Investment

Details

Strongyloides stercoralis Rapid Test Plus (SsRT+): A new rapid diagnostic test with improved ease of use to support WHO strongyloidiasis control programs.
  • RFP Year
    2025
  • Awarded Amount
    $5,665,961
  • Disease
    NTD(Soil-transmitted helminthiasis)
  • Intervention
    Diagnostic
  • Development Stage
    Product Design
  • Collaboration Partners
    Medical & Biological Laboratories Co., Ltd. ,  IRCCS Sacro Cuore Don Calabria Hospital ,  QIMR Berghofer Medical Research institute ,  Fundacion Mundo Sano ,  Big Eye Diagnostics, Inc. (BEDx) ,  Drugs and Diagnostics for Tropical Diseases

Introduction and Background of the Project

Introduction

Strongyloidiasis is a neglected tropical disease (NTD) caused by the parasitic roundworm Strongyloides stercoralis, which inhabits the mucosa of the small intestines in infected individuals. As S. stercoralis can infect people through contact with contaminated soil or water, it is commonly included among the soil-transmitted helminths (STHs).

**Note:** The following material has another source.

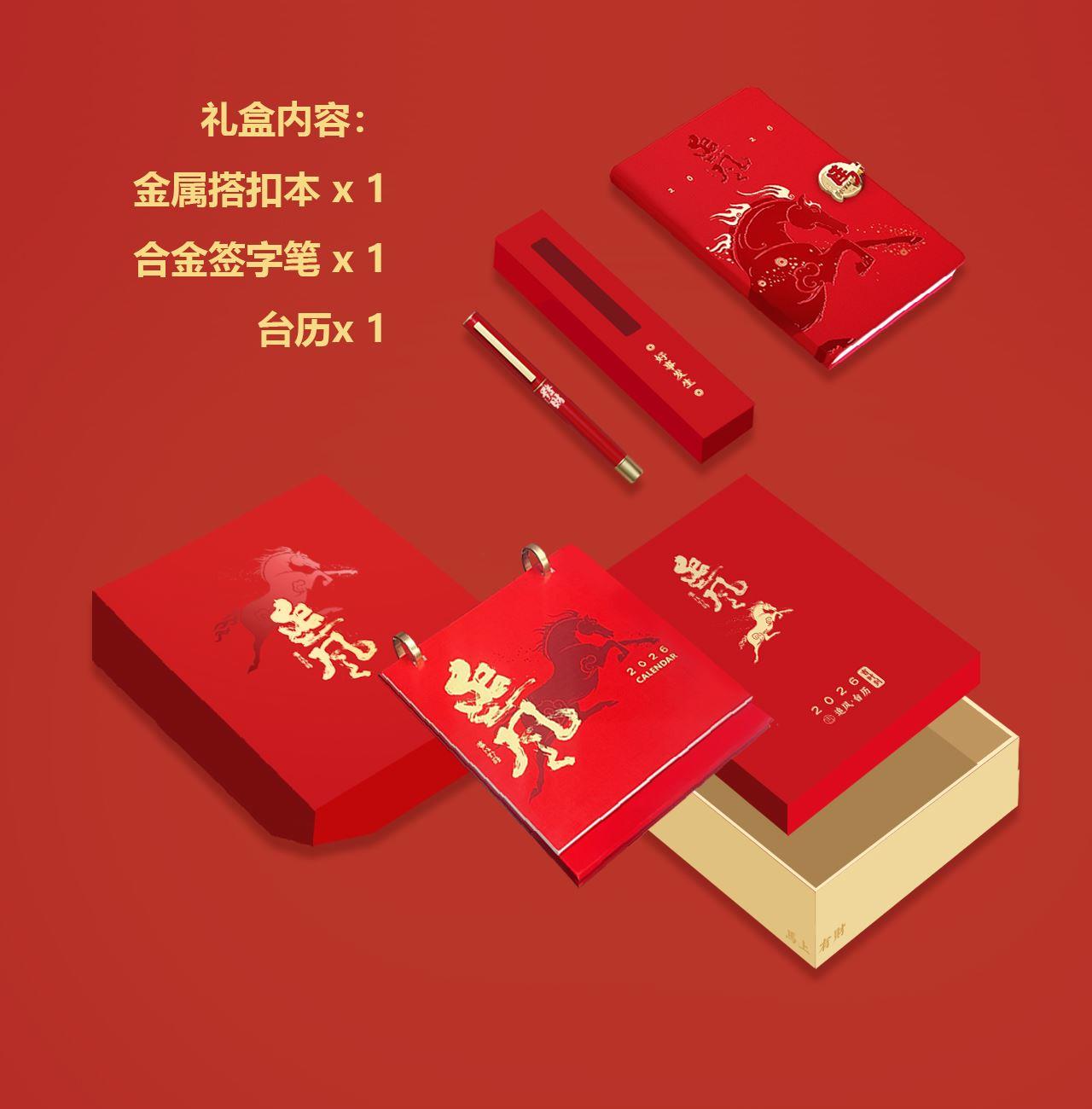 【礼品袋 x1】 材质:艺术纸 尺寸:200x250x55mm 【礼盒 x1】 材质:艺术纸 尺寸:185x222x45mm 【台历 x1】(W2款) 材质:艺术纸 尺寸:170x205x76mm 页数:15页 【搭扣笔记本 x1】 材质:意大利触感PU 尺寸:130x210mm 内页:100g米白护眼纸 页数:80张/160页 【签字笔 x1】 材质:合金 尺寸:11x134mm 笔芯:德国施耐德

Strongyloidiasis is present in more than 70 countries worldwide, including some high-income countries, and may affect up to 600 million people globally, according to some estimates. If left untreated, strongyloidiasis can have different manifestations, ranging from subclinical to severe, and may even lead to fatal complications in immunosuppressed people. Despite these alarming facts, strongyloidiasis has remained ‘the silent NTD’, with little attention in epidemiological surveys or control programs, largely due to the complexities in accurate diagnosis and the lack of a gold-standard diagnostic method. Moreover, the widely used mass drug administration (MDA) targeting STH infection (i.e., single-dose albendazole or mebendazole) has no, or only very low, efficacy against Strongyloides spp., thus the infection has largely remained unchecked. Recognizing this, the WHO issued a guideline on preventive chemotherapy with ivermectin for public health control of strongyloidiasis in July 2024, followed by a target product profile (TPP) for S. stercoralis diagnostics, which was published for public consultation in May 2025. Releasing a TPP is the strongest signal the WHO can give to underline the urgency of developing new diagnostics and making them available to strongyloidiasis control programs.

 

Project objective

The overarching goal of this project is to deliver an easy-to-use, low-cost point-of-care test to detect S. stercoralis infection. The new test, termed S. stercoralis Rapid Test Plus (SsRT+), will be an improved version of SsRapid, which was developed and validated by the Consultant, Prof. R. Noordin, and has been shown to be 80-97% sensitive and 90-100% specific in a series of laboratory and field studies. A first SsRT+ prototype has already been generated, which showed diagnostic performance comparable to, or better than, SsRapid. SsRT+ will be fully optimized in this project to meet all key criteria of the new TPP for S. stercoralis diagnostics. SsRT+ will come with a complete set of diagnostic performance data generated in a large, multi-center study involving two independent laboratories (UKM, IRCCS) and two field evaluations, in Australia (QIMR Berghofer) and Argentina (Mundo Sano), as well as a high-throughput, automated ISO-13485 compliant manufacturing process. Thus, at the end of the proposed project, SsRT+ will be ready for regulatory review and approval by the Expert Review Panel for Diagnostics (ERPD), followed by programmatic adoption by the WHO and commercialization starting in 2028. Designed for use with blood (fingerstick or venous), serum/plasma, or dried blood spot (DBS) in countries with limited or no technical infrastructure, SsRT+ will address an urgent unmet need of WHO strongyloidiasis control programs.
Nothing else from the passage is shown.